The Government was conducting a programme to end tuberculosis by 2015, and together with the Global Fund to end tuberculosis and AIDS was taking measures in accordance with international standards and a 2012 decree had been issued along those lines. A lot of work in the field was conducted within the prison system.
A delegate confirmed that the Government was working to raise awareness about the new Family Code – as they did with every new law – particularly through the mass media and public events. The new code set out the marriageable age as 18 years old, the delegate also confirmed.
It was true that there was polygamy in rural areas, the Head of the Delegation said, but as it was now criminalized penalties were applied in practice. In 2011 the courts considered five cases of polygamy, and found five persons guilty. In 2012 there were six cases of polygamy brought to court, and six persons were found guilty. Most cases were in rural areas, although three cases were in Ashkhabad, the capital city. Every person found guilty was sentenced and punished according to the law.

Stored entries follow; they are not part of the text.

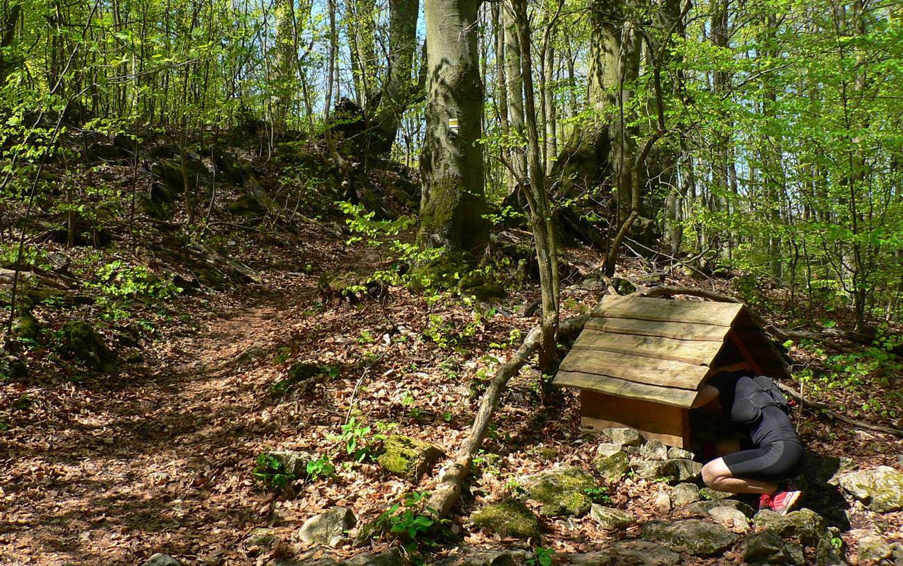 Čakal nás najdlhší kopec výletu, až hore pod Chmeľovú. Samozrejme odpustili sme si pokračovať modrou po asfalte a dupali sme po žltej. Veľmi pekný úsek, aj veľa výletníkov sme postretali a čo nás veľmi potešilo, že sme aj v studničke pod Babkami dotankovali. Začínalo byť teplo a dediny, kde sme mohli vyžobrať vodu, sa už minuli. Zachádzku na Chmeľovú som zatrhol, zdalo sa mi, že by sme mali trochu kopnúť do koní. Na konci sa ukázalo, že to bol dobrý tušák.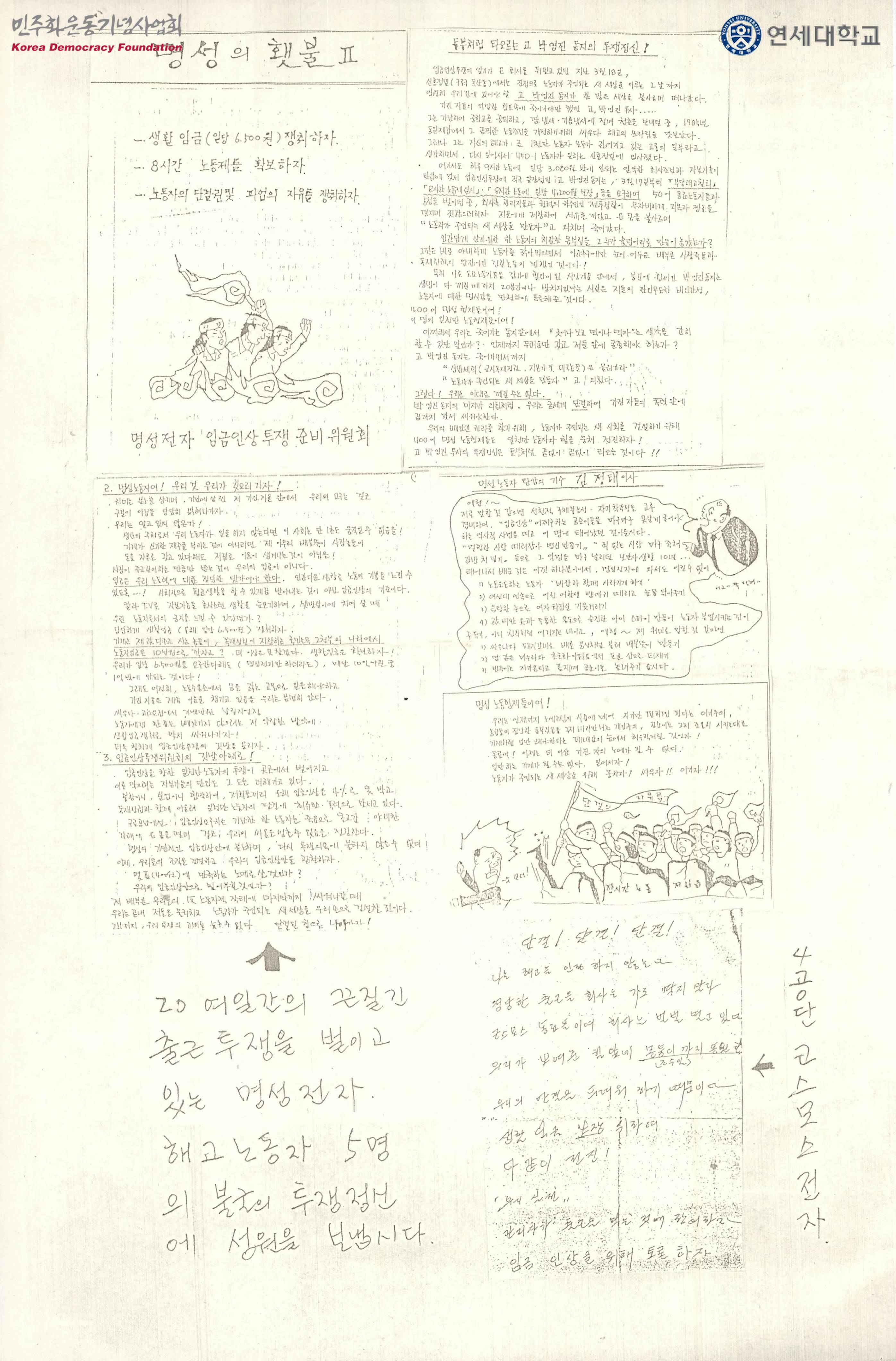 - 명성전자 노동자들의 임금인상과 노동권 보장 투쟁에 대한 내용이 담긴 유인물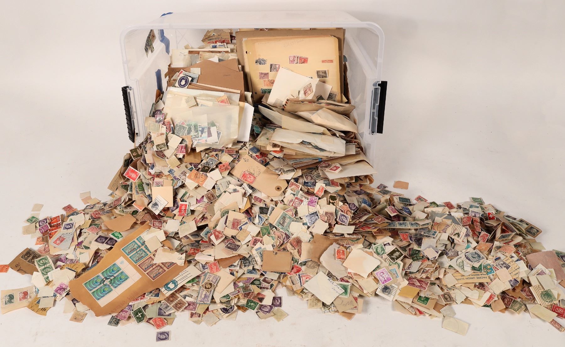 Hoard of mostly foreign used stamps, c. 1900+. From all over the world, some still on envelope corners. This lot is unpicked by us and it is ready for you to sort through and discover the depth of this group. It weighs around 14 lbs, so there are thousands of stamps to go through!

YAZDURSUN GURBANNAZAROVA, Director of the Turkmen National Institute of Democracy and Human Rights, thanked the Committee and said that all of the constructive suggestions made by the international experts would be scrupulously analyzed and studied. A follow-up system would then be put in place to put the recommendations in practice. The strengthening of collaboration with international organizations was a priority of Turkmenistan, and at present its relationship with the United Nations was centred on developing productive partnerships enriched with new content.